If your posts are unpopular for any reason you're automatically penalized. Doesn't matter if you're right or wrong, you're penalized for posting anything that people disagree with or don't want to hear.

That's why sites like Reddit and HN will always be echo chambers. Dissenting voices are automatically silenced. Not 100% of the time, but often enough that most will probably never waste their time posting.




I find that Reddit is generally much worse about this kind of thing; perhaps it is the culture or maybe it is the fact that votes are public. If you say something people don’t like, they’ll quickly pile on you. For some reason people there really like going with the flow, and you can’t even reply to clarify without them coming after you.
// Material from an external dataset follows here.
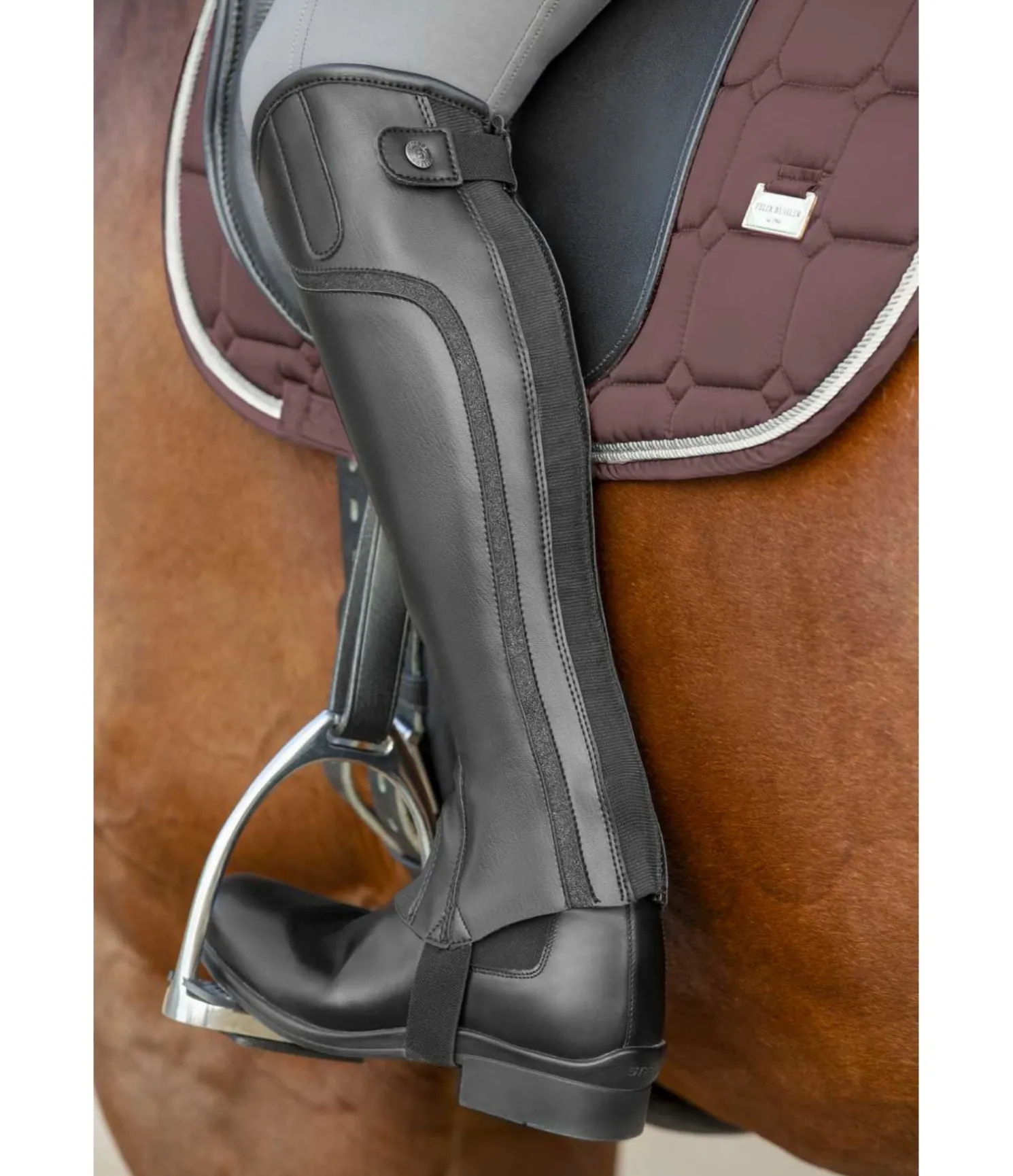 Ces mini-chaps à l’aspect de bottes d’équitation attirent tous les regards grâce à leur ruban scintillant intégré. Leurs points forts sont notamment la coupe parfaite et l’aspect élégant du synthétique. Les empiècements élastiqués le long de la fermeture à glissière YKK robuste à l’arrière assurent un ajustement parfait au mollet.

I have found it much less likely that this happens on Hacker News, and people are generally more willing to listen to a comment regardless of how others felt about it.
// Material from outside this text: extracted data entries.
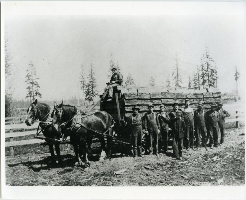 Russell Shingle Mill employees, circa 1920. Black and white 8" x 10" photographic copy print, probably made from a negative. Picture is of a two horse team pulling a wagon loaded with wooden shingles. The horses are dark colored with a white stripe down the forehead. Frank Russell is seated on top of the wagon and is holding the reins. To his right is a dog with floppy ears. He is dressed in overalls and a long-sleeved dark colored shirt. There are eight men standing in a row directly in front of the wagon and a single man in front of them with his arm up, possibly holding on to something. All of the men are wearing work clothes (overalls or long pants and long-sleeved shirts). From left to right is pictured Thomas N. Russell, Fred Russell, Vern Skinner and the rest are unknown. A split rail fence is behind the wagon. A number of tall pine trees can be seen in the background.
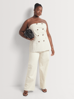 The Linen Blend Stripe Bustier is a bold statement piece for your smart wardrobe. Dress up denim with this suiting-inspired top, or pair it with a smart mini skirt and heels.
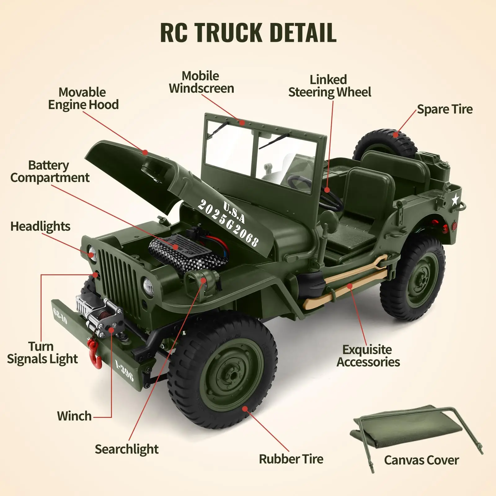 Keys features of this military RC jeep

I don't think it's just reddit, I believe these systems are prone to triggering some primitive human instincts towards group interaction. I can think of a few plausible explanations for a discrepancy in outcomes across HN and reddit. Perhaps hidden scores or the per-comment floor HN uses suppresses it. Perhaps HN attracts a particular sort of personality while reddit attracts a more representative slice of humanity. Maybe reddit is harder to moderate, has worse moderator tools, worse mods, or just too many people. I'm not sure what the answer is, but one way or the other I consider these sort of systems to be failed experiments.
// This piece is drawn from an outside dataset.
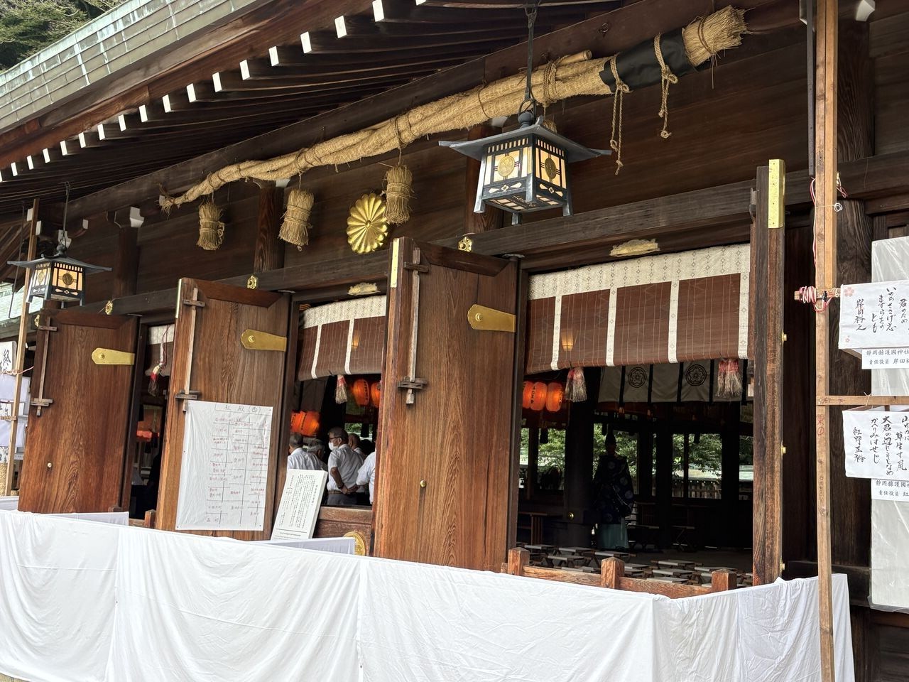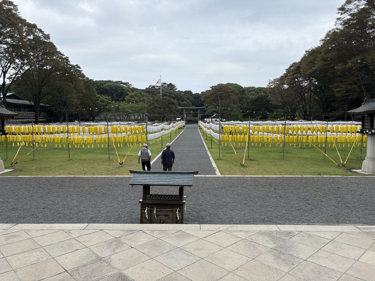 突然の大雨の為、正殿前でなく、記念館前の屋根のある所で、今回は行いました。

> Researchers from Hebrew University, NYU, and MIT explored herd mentality in online spaces, specifically in the context of "digitized, aggregated opinions".[4] Online comments were given an initial positive or negative vote (up or down) on an undisclosed website over five months.[5] The control group comments were left alone. The researchers found that "the first person reading the comment was 32 percent more likely to give it an up vote if it had been already given a fake positive score".[5] Over the five months, comments artificially rated positively showed a 25% higher average score than the control group, with the initial negative vote ending up with no statistical significance in comparison to the control group.[4] The researchers found that "prior ratings created significant bias in individual rating behavior, and positive and negative social influences created asymmetric herding effects".[4]

> “That is a significant change”, Dr. Aral, one of the researchers involved in the experiment, stated. “We saw how these very small signals of social influence snowballed into behaviors like herding.”[5]